Sometimes a first edition will be re-printed without any real significant changes, meaning it doesn't class as a new edition as such. This being the case, you may see something like the below:
2 3 4 5 6 7 8 9 10
This represents the second printing of the first edition. If the row began with 1 and it stated first edition, this would suggest the first printing of the first edition.
However, depending on the publishing house, you also need to be aware that the above may also suggest a first printing of a first edition, where the 1 has simply been replaced with the words 'First Edition'. It can get super confusing, because it would appear to be a second printing of the first edition to some - in these circumstances, the publisher would likely remove the words 'first edition' to avoid any confusion.
Some publishing houses release different editions of the same book depending on the country they are being sold in, and will change the covers to suit their target audiences.
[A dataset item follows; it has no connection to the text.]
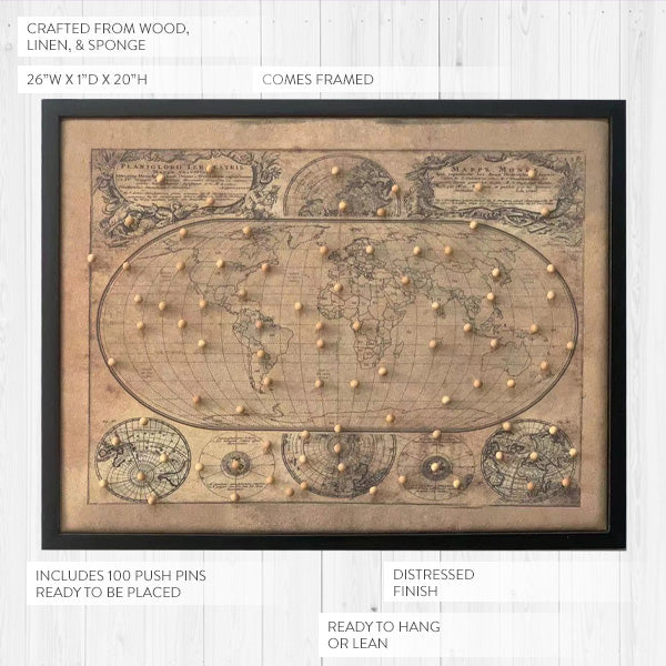 Mark your journeys by inserting push pins in thrilling destinations you've explored, creating a stunning visual story on your wall. The vintage-inspired design and rustic aesthetic seamlessly integrate into your country house decor, enhancing your space with a classic and significant touch.

This is why you may occasionally see First Edition US or First Edition UK (for example).
You may notice that independently published books (self-published) do not include these numbers and may, instead, simply state 'First Edition' or nothing at all.
What counts as a new edition?
If a book is being re-released or re-printed with significant changes such as extra material, a new cover or is in a different language, it's classed as a new edition. The same goes for releasing a book in hardback, paperback and e-book - all three would be individual editions of the same book and would therefore require their own ISBNs.
And that's it.
Check out the numbers in your favourite books and note down the editions and prints you currently own.